Reputation: 1367
I'm trying to filter a dataframe based on several conditions. Then, I want to drop that subset from a separate, much larger dataframe.
df = pd.DataFrame({ 'A' : ['UNKNOWN','UNK','TEST','TEST'],
'E' : pd.Categorical(["test","train","test","train"]),
'F' : 'foo' })
df2 = pd.DataFrame({ 'A' : ['UNKNOWN','UNK','TEST','TEST','UNKOWN','UNKKK'],
'E' : pd.Categorical(["test","train","test","train",'train','train']),
'D' : np.array([3] * 6,dtype='int32'),
'F' : 'foo' })
rgx = r'UNKNOWN|UNK'
df_drop = df.loc[df['A'].str.contains(rgx, na=False, flags=re.IGNORECASE, regex=True, case=False)]
df2 = df2[~df_drop]
I want the following output for df2:
A D E F
2 TEST 3 test foo
3 TEST 3 train foo
Instead I get the following error:
TypeError: bad operand type for unary ~: 'str'
The reason I am not filtering df2 directly is that I want to make df_drop its own separate dataframe in order to retain the records that I have dropped.

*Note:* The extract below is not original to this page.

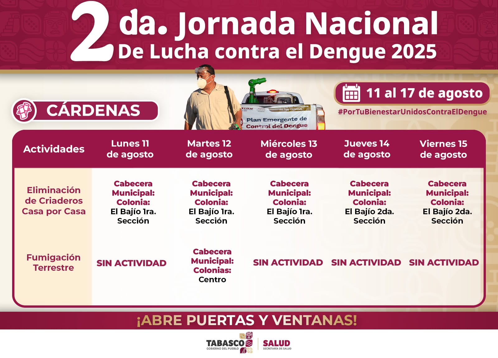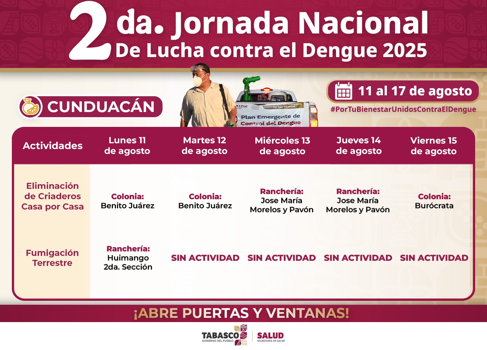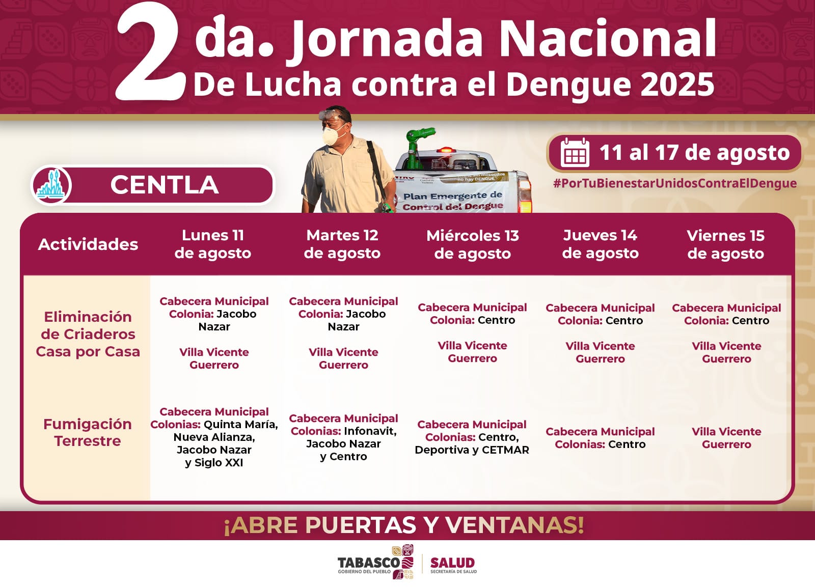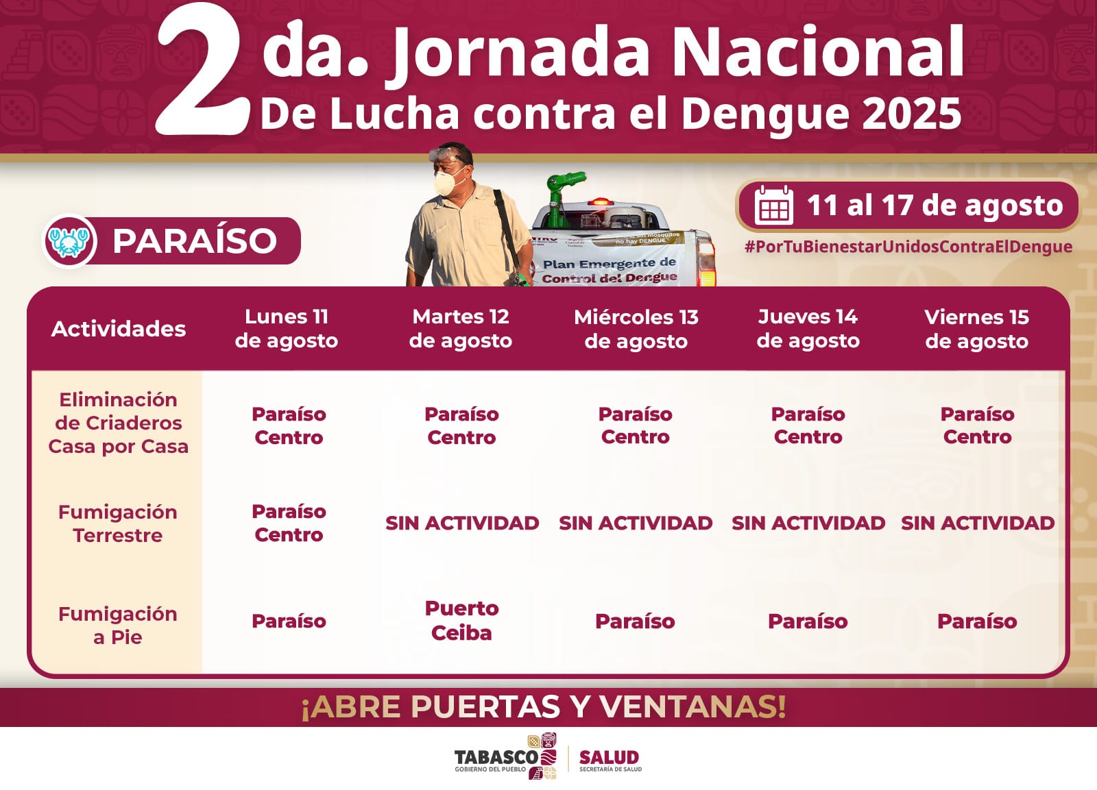 La Secretaría de Salud informa a la población tabasqueña que del 11 al 15 de Agosto, se continuarán los operativos de fumigación terrestre y eliminación de criaderos de mosquitos casa por casa en los 17 municipios del Estado.

I think I'm misunderstanding how the unary is supposed to work. Or I made a syntax error. But I can't find it and none of the previous solutions (for instance, removing NaNs from the dataframe) seem to be applicable here.
Upvotes: 2
Views: 4308
Reputation: 862406
I think you need filter in big dataframe:
rgx = r'UNKNOWN|UNK'
mask = df2['A'].str.contains(rgx, na=False, flags=re.IGNORECASE, regex=True, case=False)
print (mask)
0 True
1 True
2 False
3 False
4 True
5 True
Name: A, dtype: bool
print (df2[~mask])
A D E G
2 TEST 3 test foo
3 TEST 3 train foo
Upvotes: 5